METHODS: This study used various models to examine the effects of activating the TRAIL-DR5 pathway with soluble mouse TRAIL protein and inhibiting the TRAIL-DR5 signaling pathway using DR5 knockout mice or mDR5-Fc fusion protein on NETs formation and cardiac injury. The models used included a co-culture model involving bone marrow-derived neutrophils and primary cardiomyocytes and a model of myocardial I/R in mice.
RESULTS: NETs formation is suppressed by TRAIL-DR5 signaling pathway inhibition, which can lessen cardiac I/R injury. This intervention reduces the release of adhesion molecules and chemokines, resulting in decreased neutrophil infiltration and inhibiting NETs production by downregulating PAD4 in neutrophils.

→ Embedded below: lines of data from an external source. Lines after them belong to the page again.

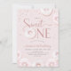 Rosquinhas cor-de-rosa-claro, um convite de festas de primeiro aniversario. Design de tendências cegas com rosquinhas cor-de-água rosa e branca. Apresenta a fonte do script de tipografia 1. Você pode escolher convites impressos e/ou fazer o download instantâneo do modelo digital. Perfeito para uma festa de 1ª mulher na moda.
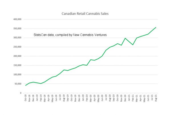 Statistics Canada released August retail sales for the country this morning, with cannabis sales increasing from July by 5% to C$356.9 million, a record high. The record sales were up 43.8% from a year ago, the lowest annual growth to date and down from 45.6% in July.
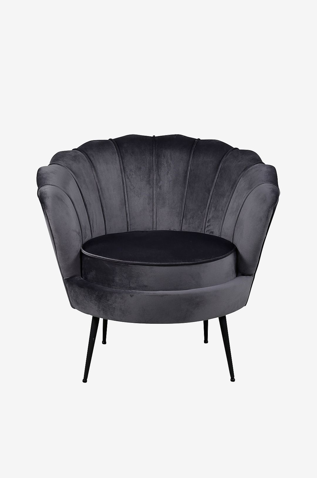 Calais är en fåtölj med klädsel i sammet och ben i metall. Fåtöljens mått: Sitthöjd: 45 cm, Sittbredd: 53 cm, Sittdjup: 55 cm. Fåtöljen kräver enklare montering.
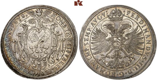 "DIE REICHSSTADT REGENSBURG. DIE ZEIT DES KAISERS FERDINAND III. Reichstaler 1638, mit Titel Ferdinands III. Münzmeister Johann Putzer. RR Attraktives Exemplar mit feiner Patina, winz. Schrötlingsfehler, vorzüglich. Exemplar der Slg. Julius Jenke, Auktion Beckenbauer 1, München 1961, Nr. 54. (city of Regensburg, thaler of 1638, in the name of Ferdinand III. Very rare, attractive example with fine patina, small planchet defects, extremely fine.)"
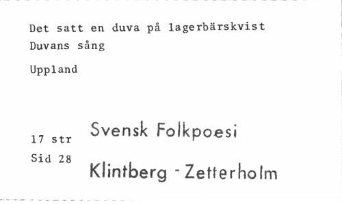 //// Det satt en duva på lagerbärskvist Duvans sång //// Uppland //// 17 str Svensk Folkpoesi //// Sid 28 //// Klintberg - Zetterholm ////
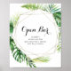 Det här geometriska destinationsbröllopstecknet pub är perfekt för ett tropiskt bröllop. Konstruktionen har handmålad vattenfärg grönt handflatan och banan löv som är väl placerad i vackra buketter och som fäster ett guld geometriskt ram.
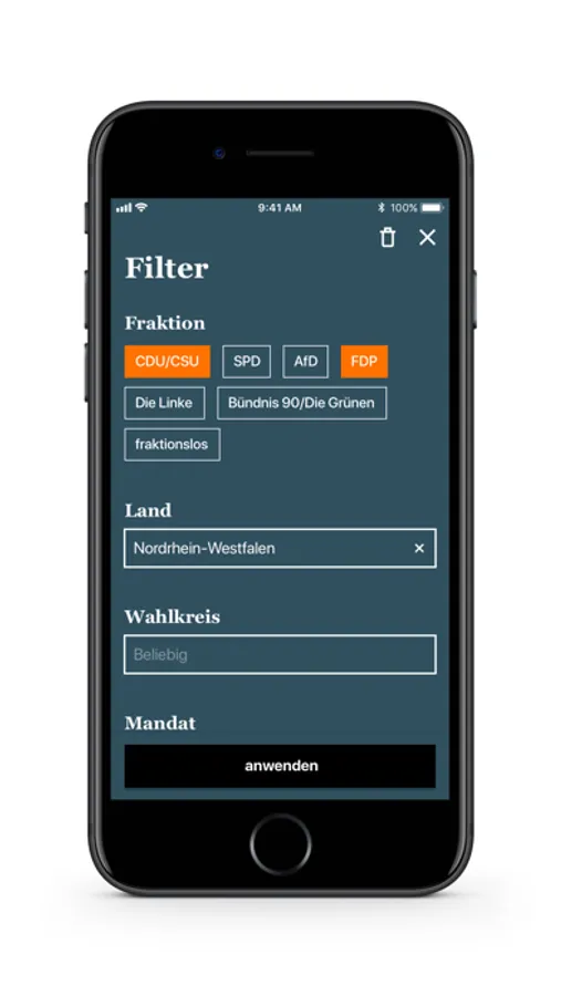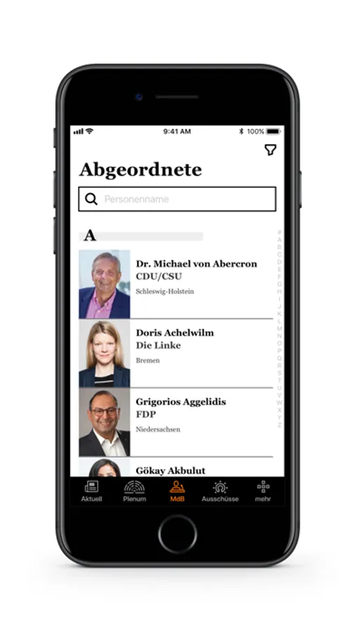 "MdB" stellt alle Abgeordneten vor. Hier finden Sie Fotos und Biografien der Abgeordneten, die veröffentlichungspflichtigen Angaben u. a. zu Nebentätigkeiten und Nebeneinkünften, und die Mitgliedschaften der Abgeordneten in den Ausschüssen und Gremien sowie Informationen darüber, wie Sie mit den Abgeordneten in Kontakt treten können.
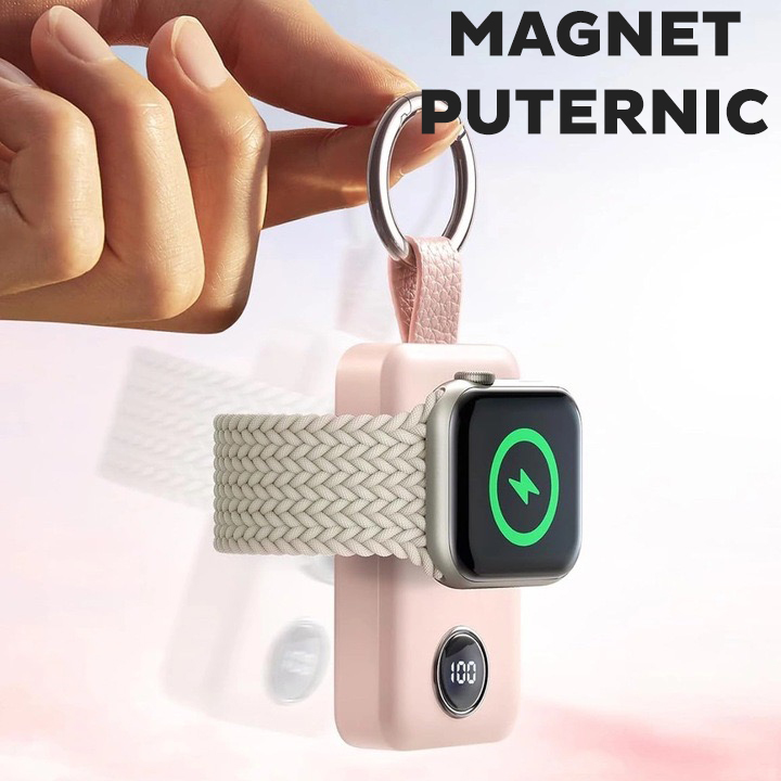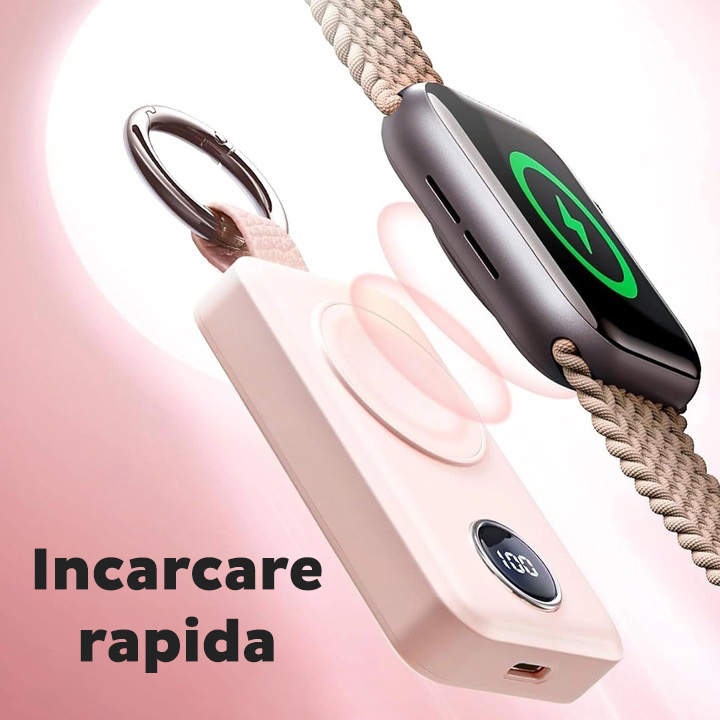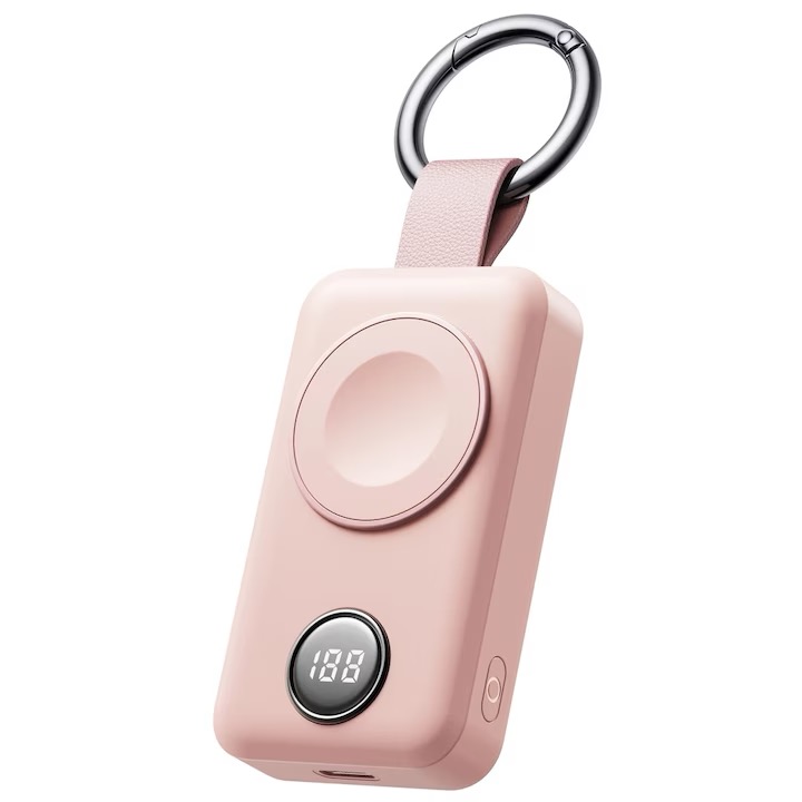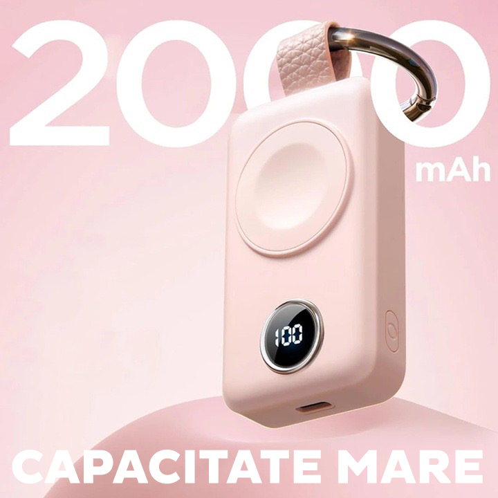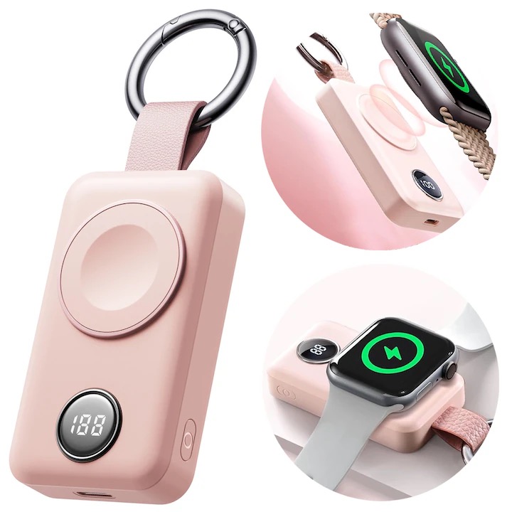 Baterie externa cu incarcare wireless Joyroom JR-WQW01, compatibila cu toate seriile Apple Watch, 3W, Qi Charging, 2000 mAh, Roz
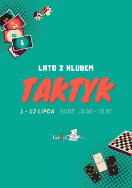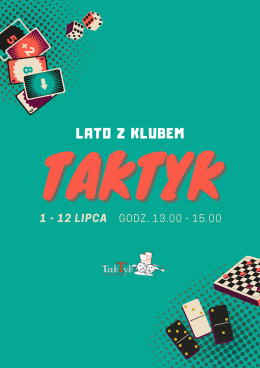 Istnieje możliwość przedłużenia zajęć „Letnich akcji na wakacje". Codziennie od 1 do 12 lipca w godz. 13.00-15.00 zapraszamy dzieci do Klubu Gier Planszowych „TAKTYK” na spędzenie fascynującego czasu wśród planszówek w ramach „Lata w Taktyku".
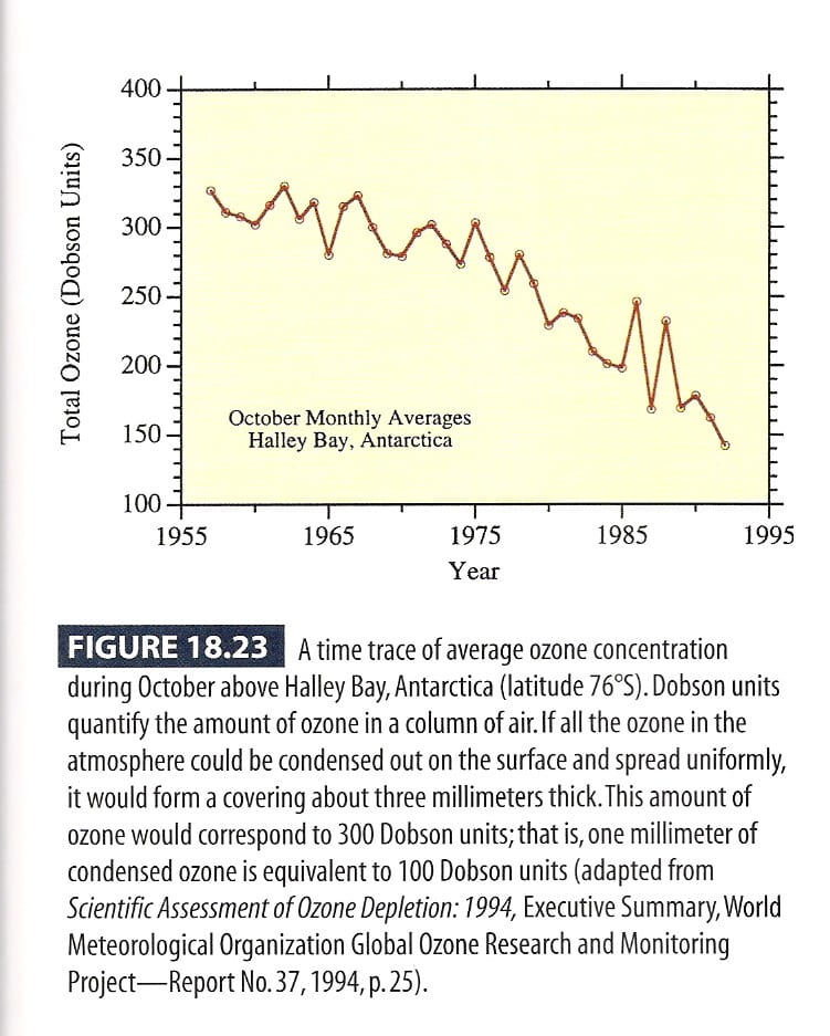 - Figure 18.23 : Trend in October average ozone over Halley Bay, Antarctic (data from Scientific Assessment of Ozone Depletion: 1994)
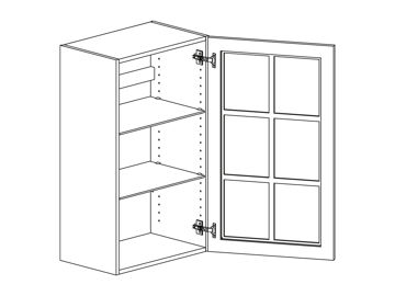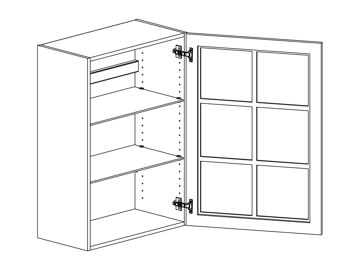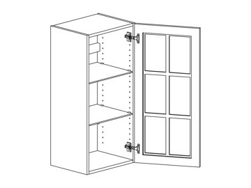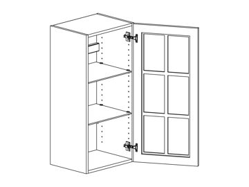 Väggskåp med vitrinlucka och två hyllor. Välj höger- eller vänsterhängd lucka (bredd 800 mm har parluckor). Välj vitrinfront och utförande. Välj mellan stomme och front i vitt, kulör eller trä. Skåpet har trähyllor som standard men kan även fås med glashyllor.
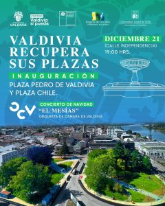 La Municipalidad de Valdivia confirmó que el próximo domingo 21 de diciembre, a las 19:00 horas, se realizará la inauguración de las renovadas plazas Pedro de Valdivia y Plaza Chile. La actividad, abierta a toda la comunidad, incluirá el concierto navideño “El Mesías” de la Orquesta de Cámara de Valdivia, en calle Independencia.
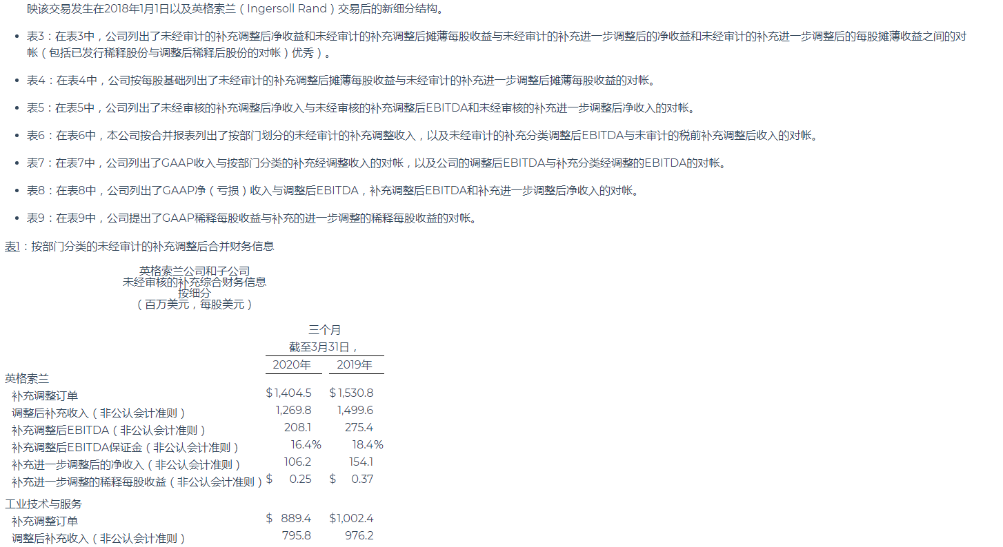 英格索蘭公布2020年第一季度業(yè)績
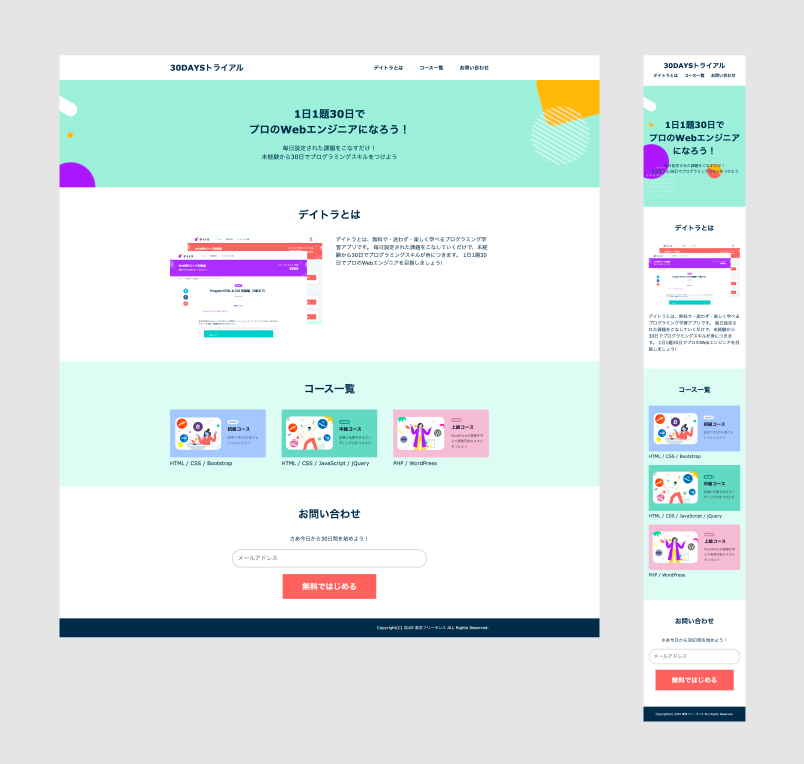 初めてのコーディングでした。完成見本のサイトをパーツごと(ヘッダーやフッターなど)に分解→効率のよいコード記述を想像→再構築の流れで実装を進めました。レスポンシブでfloat解除できなかったり、CSS反映できなかったりと躓く場面もありましたが、なんとかやり切ることができました。
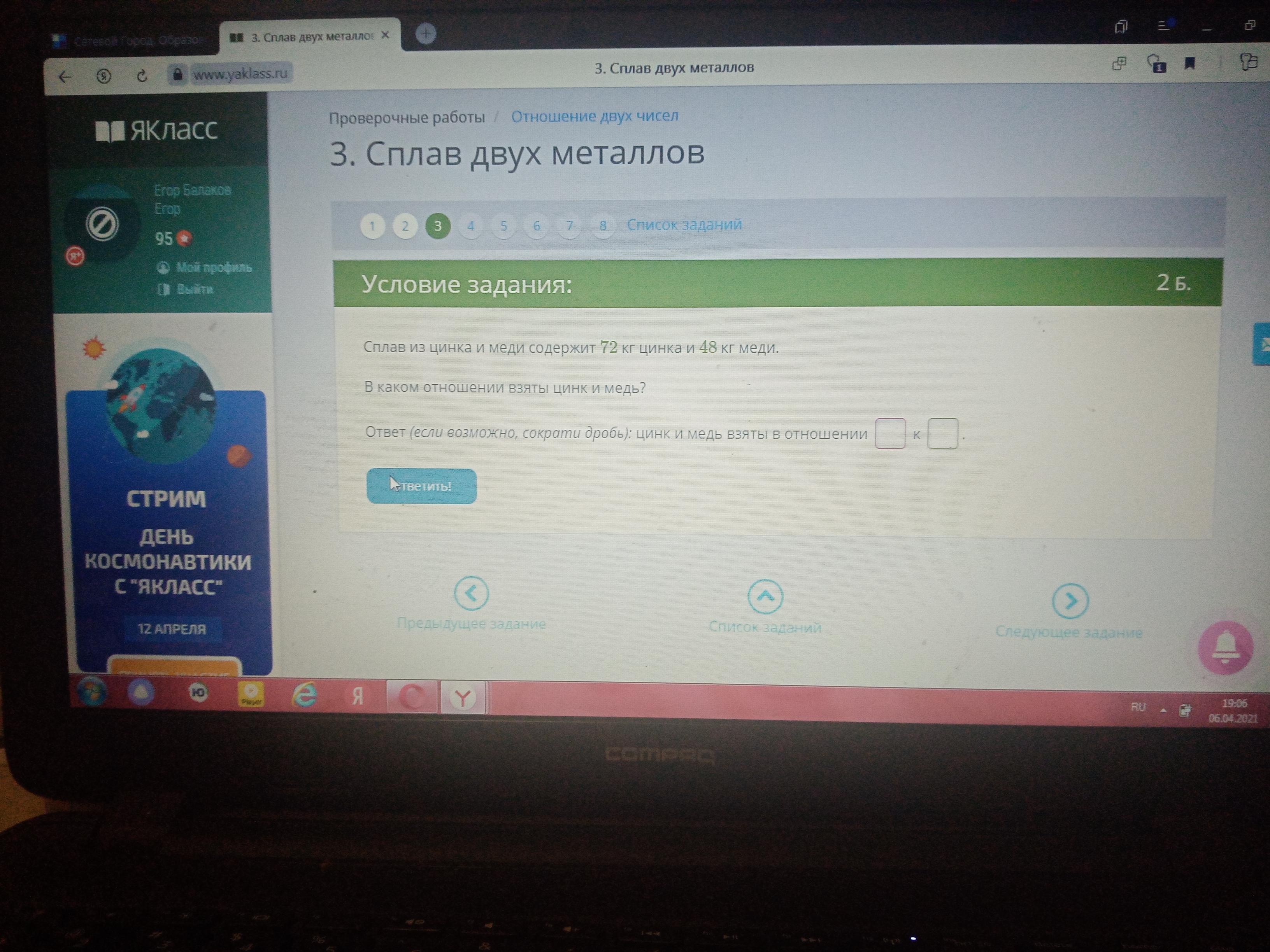 Общий сплав равен 120, отсюда медь 48/120=4/10, а цинка 72/120=6/10
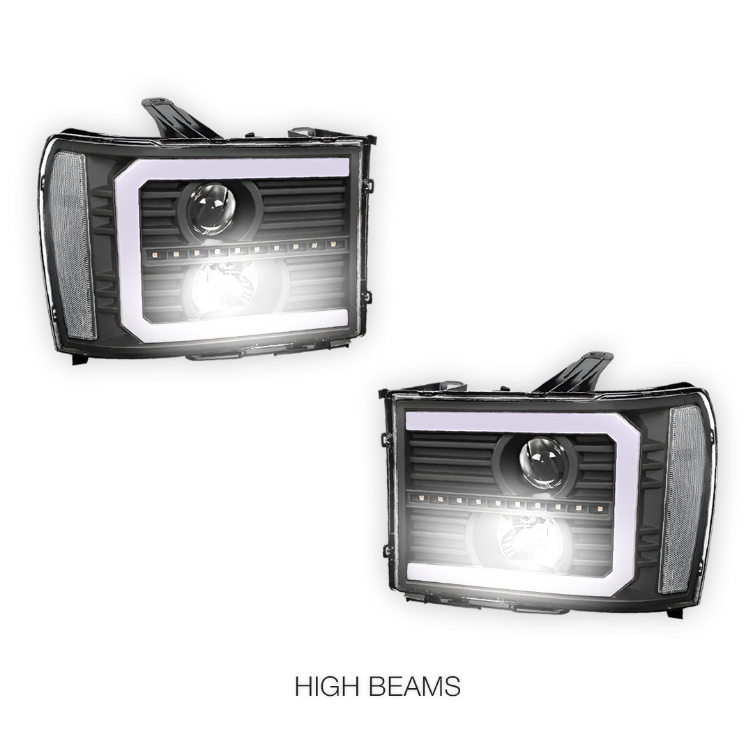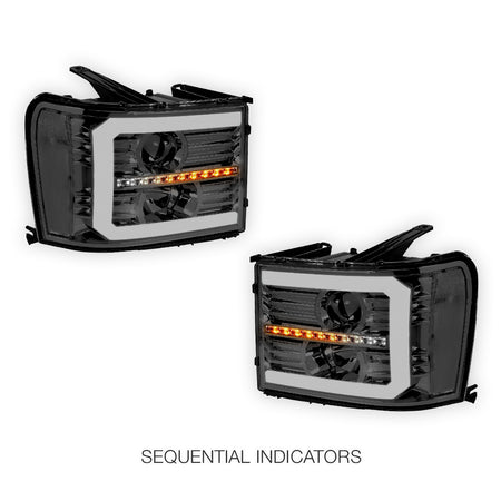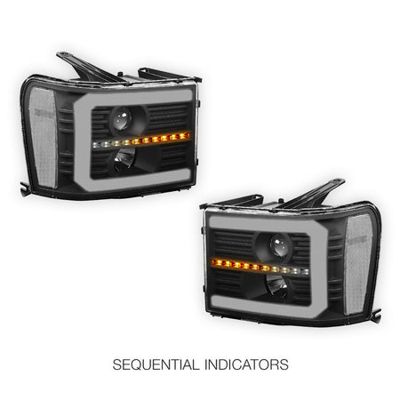 GMC Sierra 2500 Denali / SLE / SLT (2007 - 2014) LED DRL Sequential Signal Projector Headlights LH + RH
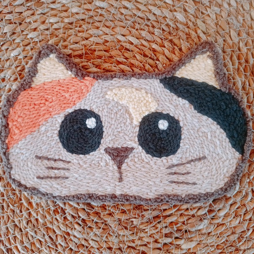 Pastel kahverengi, büyük gözlü sevimli kedi yüzü tasarımlı yumuşak dokulu Glasses rug

CONCLUSIONS: This work clarifies how the TRAIL-DR5 signaling pathway regulates the neutrophil response during myocardial I/R damage, thereby providing a scientific basis for therapeutic intervention targeting the TRAIL-DR5 signaling pathway in myocardial infarction.
方法:本研究使用各种模型来检查用可溶性小鼠TRAIL蛋白激活TRAIL-DR5通路并使用DR5敲除小鼠或mDR5-Fc融合蛋白抑制TRAIL-DR5信号通路对NETs形成和心脏损伤的影响。所使用的模型包括涉及骨髓来源的嗜中性粒细胞和原代心肌细胞的共培养模型和小鼠中的心肌I/R模型。
结果:NETs的形成受到TRAIL-DR5信号通路抑制的抑制,这可以减轻心脏I/R损伤。这种干预减少了粘附分子和趋化因子的释放,导致中性粒细胞浸润减少,并通过下调中性粒细胞中的PAD4来抑制NETs的产生。
结论:这项工作阐明了TRAIL-DR5信号通路如何在心肌I/R损伤期间调节中性粒细胞反应,从而为心肌梗死中靶向TRAIL-DR5信号通路的治疗干预提供科学依据。